![]()
![]()
The DSM-IV, the diagnostic manual for psychology professionals, defines anorexia nervosa as:
a) Recurrent episodes of binge eating. An episode of binge
eating is characterised by both of the following:
1) eating, in a discrete period of time (e.g. within any 2-hour period), an
amount of food that is infinitely larger than most people would eat during a
similar period of time and under similar circumstances
2) a sense of lack of control over eating during the episode (e.g., a feeling
that one cannot stop eating or control what or how one is eating)
b) Recurrent inappropriate compensatory behaviour in order to prevent weight
gain, such as self-induced vomiting; mis-use of laxatives, diuretics, enemas, or
other medications; fasting; or excessive exercise
c) The binge and inappropriate compensatory behaviours both occur, on average,
at least twice a week for 3 months
d) Self-evaluation is unduly influenced by body shape and weight
e) The disturbance does not occur exclusively during episodes of Anorexia
Nervosa
It further specifies two types of the disease - purging type and non-purging type.
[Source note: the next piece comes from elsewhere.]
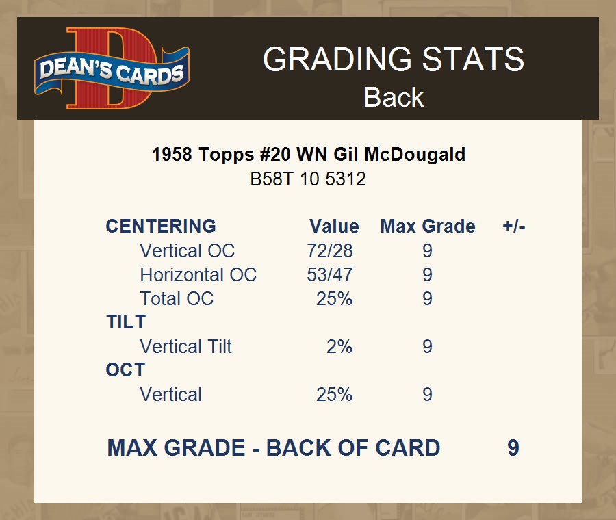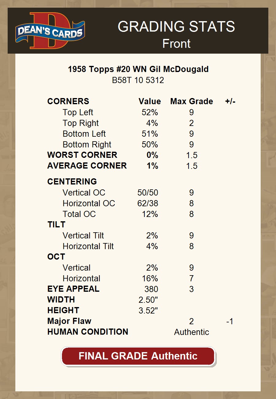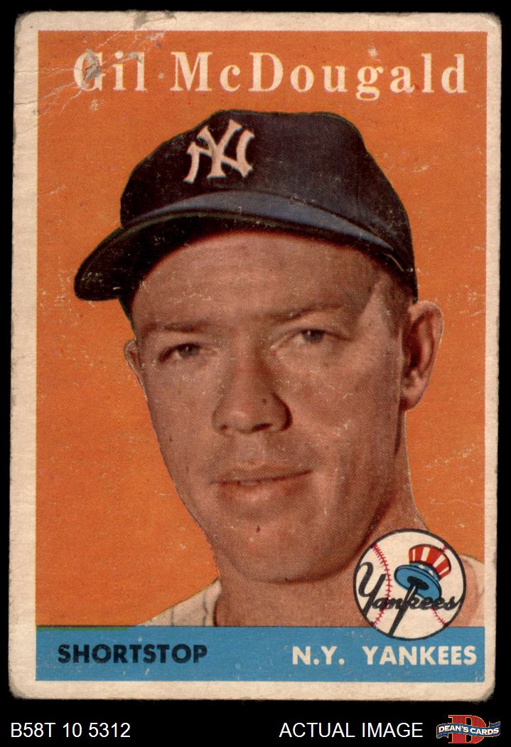1958 Topps #20 Gil McDougald White Name Yankees COMMON VARIATION AUTHENTIC If the scan in the listing says ACTUAL IMAGE, you will receive the card pictured. For cards issued after 1983, we will often use representative images and you will not receive the exact card pictured. Shipping Policy You only pay shipping on the first item. If you order multiple items on the same order, you will only be charged once for shipping. We do not combine shipping on multiple orders. To avoid multiple shipping charges we recommend using eBay's "Add to Cart" feature to check out multiple items in one transaction, or please request and allow for us to send an invoice to reflect the combined shipping charges. Canadian customers - We send all of our Canadian/International packages with tracking and cannot make any exceptions to this policy. Negotiating Prices All prices are final and we do not negotiate. This policy is to ensure that everyone knows that they are getting our best possible price. So please do not ask us to negotiate on price. Return Policy Dean's Cards has a 100% Money Back Satisfaction Guarantee on all purchases, as long as the product is returned within 30 days of receiving the product. Card Grading Each card is first reviewed by a member of our team, in order to detect any flaws that may not be visible on a scan, such as wrinkles, creases, print spots, or light stains. The vast majority of our vintage cards are professionally graded by the Dean's Cards Grading Software and include a 100% satisfaction guarantee. Our grading is on par with PSA standards when it comes to corners, centering and flaws - and tends to grade a bit tougher than PSA, on cards with a tilted image or rough edges. This grading software was developed to provide far better grading and consistency than can be achieved using the human eye. Determining the card's grade The sharpness of the corners and the degree to which a card was cut off-center determines the maximum possible grade that the card can receive. The card's grade is further reduced by any flaws or blemishes that it may have. Each card is evaluated on the following characteristics and assigned a score. Corners - Each corner of a card is individually analyzed, and then assigned a score on how square, sharp, and flawless it appears. Centering - The borders are measured, at multiple points along the edge, to determine the horizontal and vertical centering and tilt. Defects - The card is examined for imperfections, such as: size, print flaws, dings, stains, creases, or other wear which could lower its grade. Bonus for Perfect Centering - A vintage card, with near perfect centering, is given a one-half grade bonus. So when you buy one of our cards with a half-grade (e.g. 3.5 or 6.5) it will appear perfectly centered, both vertically and horizontally. Grading Criteria Worst Corner - A card can grade only as high as the worst corner will allow. Average Corner Tilt - The difference in width of a card border near the top, compared to the bottom. OCT - The sum of how far a card is Off-Center, plus its Tilt. Minimum Centering Requirements Eye Appeal - The combination of a card's centering, corners and tilt. Well-Centered - Cards that appear perfectly centered receive a bonus of one-half grade. Flaws, defects and other imperfections - can lower a card's grade. Card Backs - the above criteria is also considered, for the back of the cards, but does not inflict as severe of a penalty to its grade. Packaging Once scanned, the cards are placed in "soft" sleeves, which have an open top for easy removal. The Dean's Cards label is placed on the top back of the card sleeve. Every card you buy features a QR Code that you can scan to see your ACTUAL CARD and its grading statistics. Please note that when images are enlarged there may be instances of vertical lines running through the scans. This was caused by a "dust speck" on the scanner and can be verified by the vertical lines running into the black margins on the top and bottom of the image. About Dean and Dean's Cards Dean's Cards Makes Card Collecting - Fast, Easy And Fun. Dean's Cards was founded in 2002 and has become the leading online seller of vintage sports cards and non-sports cards. Our inventory has grown to more than a million vintage cards and we have a staff of 15-20 employees and a 8500 sq. ft. office space in Cincinnati, Ohio.

Purging: during the current episode of BN, the person has
regularly engaged in self-induced vomiting or the mis-use of laxatives,
diuretics or enemas
Non purging: during the current episode of BN, the person has used other
compensatory behaviours, such as fasting or excessive exercise, but has not
regularly engaged in self-induced vomiting or the mis-use of laxatives,
diuretics or enemas
As with anorexia nervosa, the usefulness of these criteria is rather limited beyond that of aiding in the recognition of the illness by medical professionals. Here, too, they are of little use in explaining the nature of the disease and how it affects those who suffer from it.
Low self-esteem is widely recognised as a point of commonality not only amongst bulimics, but among all those afflicted by eating disorders. This diminished sense of self-worth, combined with psychological, emotional, physical and even social issues which the individual finds themselves unable or unwilling to face, can lead to the development of dysfunctional coping mechanisms. Bulimia nervosa is one example of this.
Bulimics seek to block out or numb themselves to the serious issues which underlie their illness by feasting on large quantities of food, often consuming in a single sitting more than the recommended intake for an entire day. They are then overcome by an uncontrollable urge, some describing it as a panic, to rid themselves of the food they've consumed. This is done either by induced vomiting, mis-use of laxatives and enemas or compulsive exercising as a way of compensating for the over-indulgence.
Bulimia often goes undetected due to the fact that many who suffer from it remain within the expected weight range for their age, height and frame. In fact, a certain percentage of bulimics are known to be overweight. As a result, it may go undetected until the individual experiences life-threatening complications from the illness.
The physical effects of bulimia include dehydration, erosion of tooth enamel, electrolyte imbalances, cardiac arrhythmias and damage to the oesophagus potentially leading to rupture, haemorrhage and even death.
Like anorexia, bulimia nervosa is most prevalent in Caucasian women who come from middle to upper-class backgrounds. It's prevalence amongst males and non-whites is also on the rise. It, too, is almost exclusively seen in heavily industrialised countries.